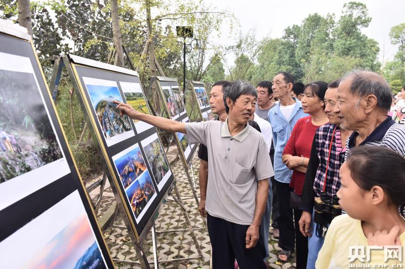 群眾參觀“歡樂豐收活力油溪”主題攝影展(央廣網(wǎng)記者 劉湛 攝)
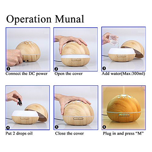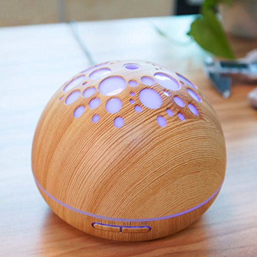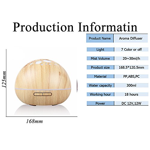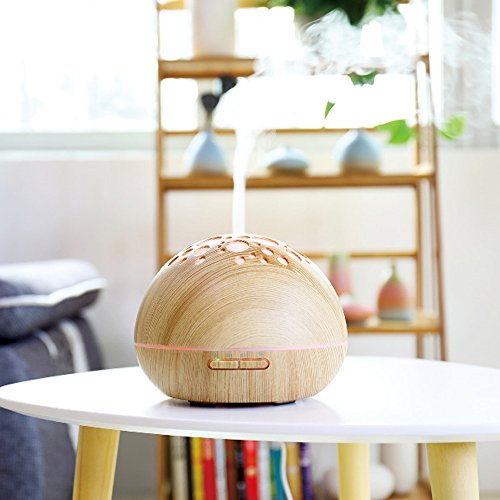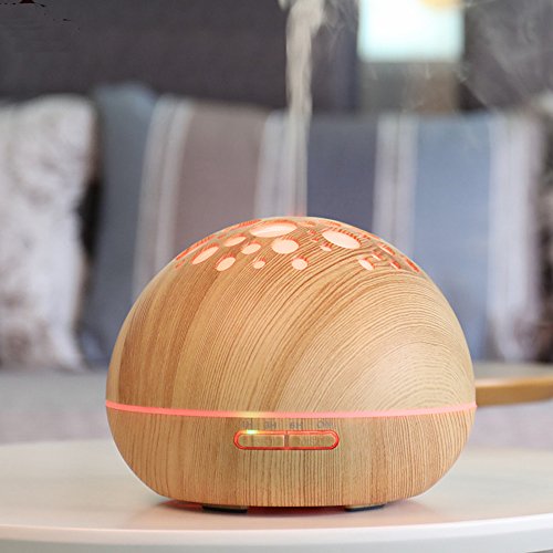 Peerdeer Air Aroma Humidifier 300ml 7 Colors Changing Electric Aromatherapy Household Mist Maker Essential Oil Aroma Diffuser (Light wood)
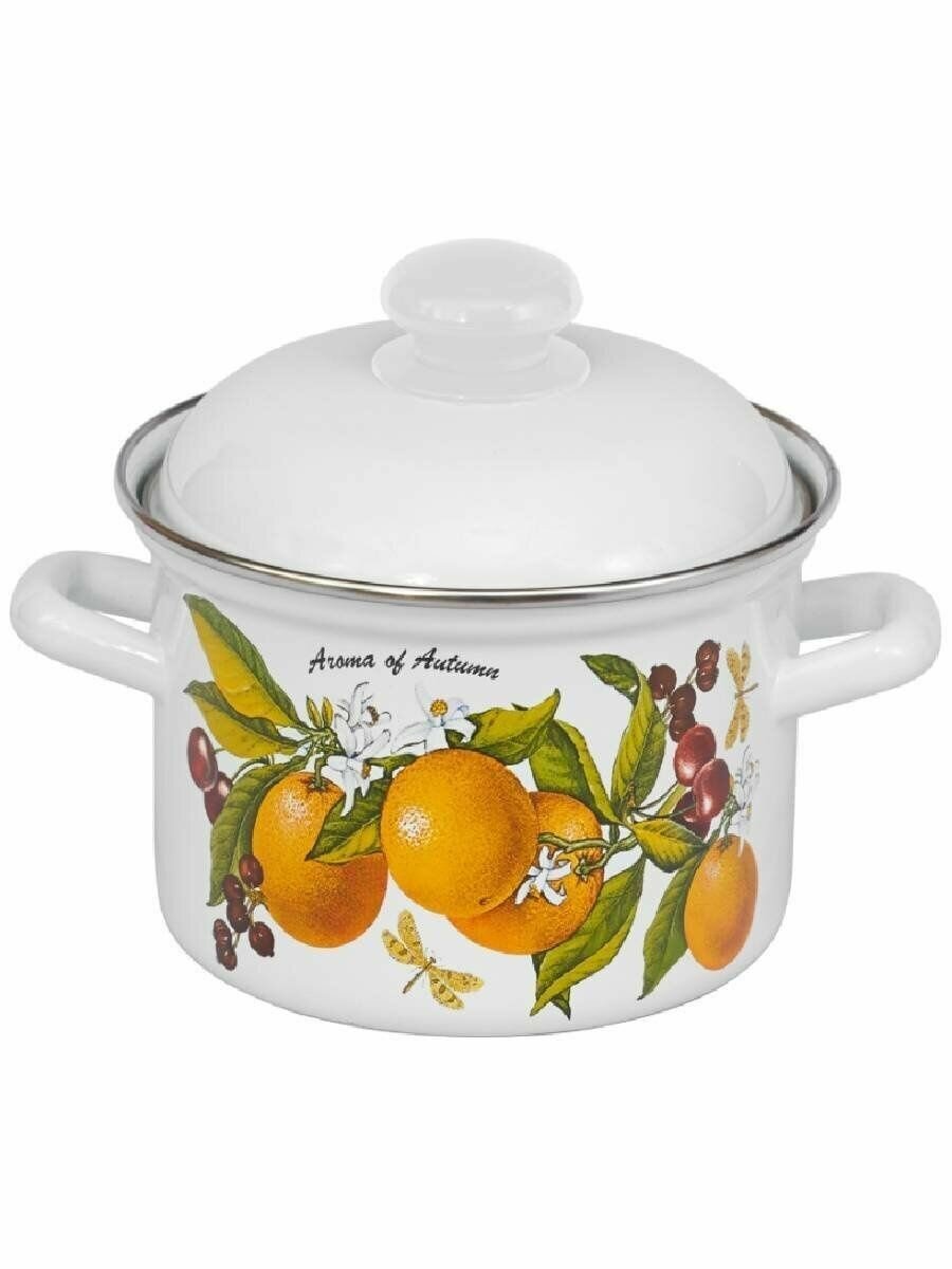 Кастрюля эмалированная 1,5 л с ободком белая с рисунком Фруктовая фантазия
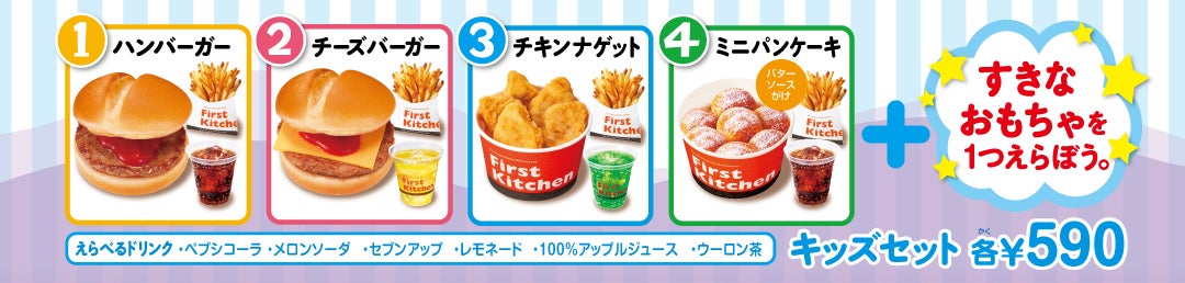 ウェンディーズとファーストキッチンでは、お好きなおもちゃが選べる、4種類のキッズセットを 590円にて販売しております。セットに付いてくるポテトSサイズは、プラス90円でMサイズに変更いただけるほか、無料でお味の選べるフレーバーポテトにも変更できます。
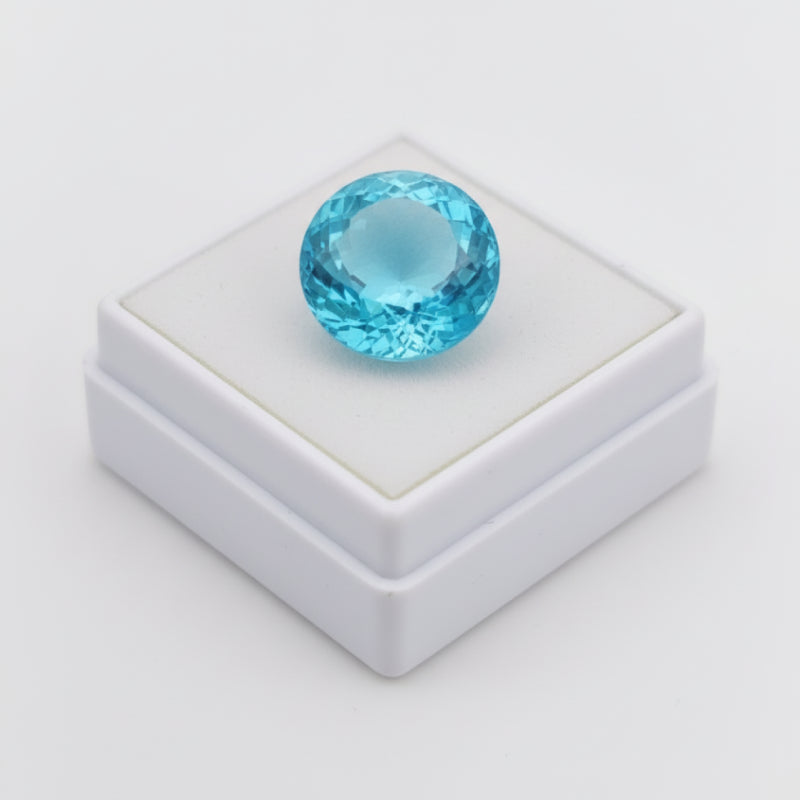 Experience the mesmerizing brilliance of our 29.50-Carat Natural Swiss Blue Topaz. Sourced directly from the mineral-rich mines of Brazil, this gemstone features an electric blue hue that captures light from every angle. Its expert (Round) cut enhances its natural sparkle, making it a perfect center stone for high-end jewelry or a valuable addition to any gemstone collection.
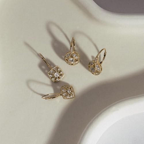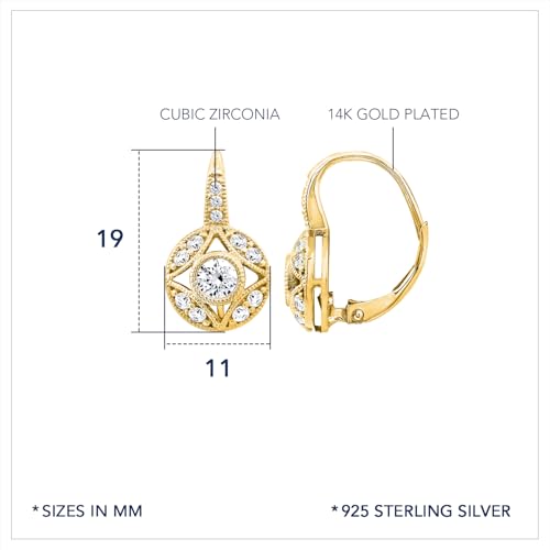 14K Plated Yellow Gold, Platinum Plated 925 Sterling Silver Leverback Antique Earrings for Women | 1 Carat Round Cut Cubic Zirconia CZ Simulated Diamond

━━━━━━━━━━

What you will do
Transcribe exactly the lines running from the line with "Кастрюля эмалированная 1,5" to the last line of the entries. Pictures stay out of the copy.

Task output
 Кастрюля эмалированная 1,5 л с ободком белая с рисунком Фруктовая фантазия
 ウェンディーズとファーストキッチンでは、お好きなおもちゃが選べる、4種類のキッズセットを 590円にて販売しております。セットに付いてくるポテトSサイズは、プラス90円でMサイズに変更いただけるほか、無料でお味の選べるフレーバーポテトにも変更できます。
 Experience the mesmerizing brilliance of our 29.50-Carat Natural Swiss Blue Topaz. Sourced directly from the mineral-rich mines of Brazil, this gemstone features an electric blue hue that captures light from every angle. Its expert (Round) cut enhances its natural sparkle, making it a perfect center stone for high-end jewelry or a valuable addition to any gemstone collection.
 14K Plated Yellow Gold, Platinum Plated 925 Sterling Silver Leverback Antique Earrings for Women | 1 Carat Round Cut Cubic Zirconia CZ Simulated Diamond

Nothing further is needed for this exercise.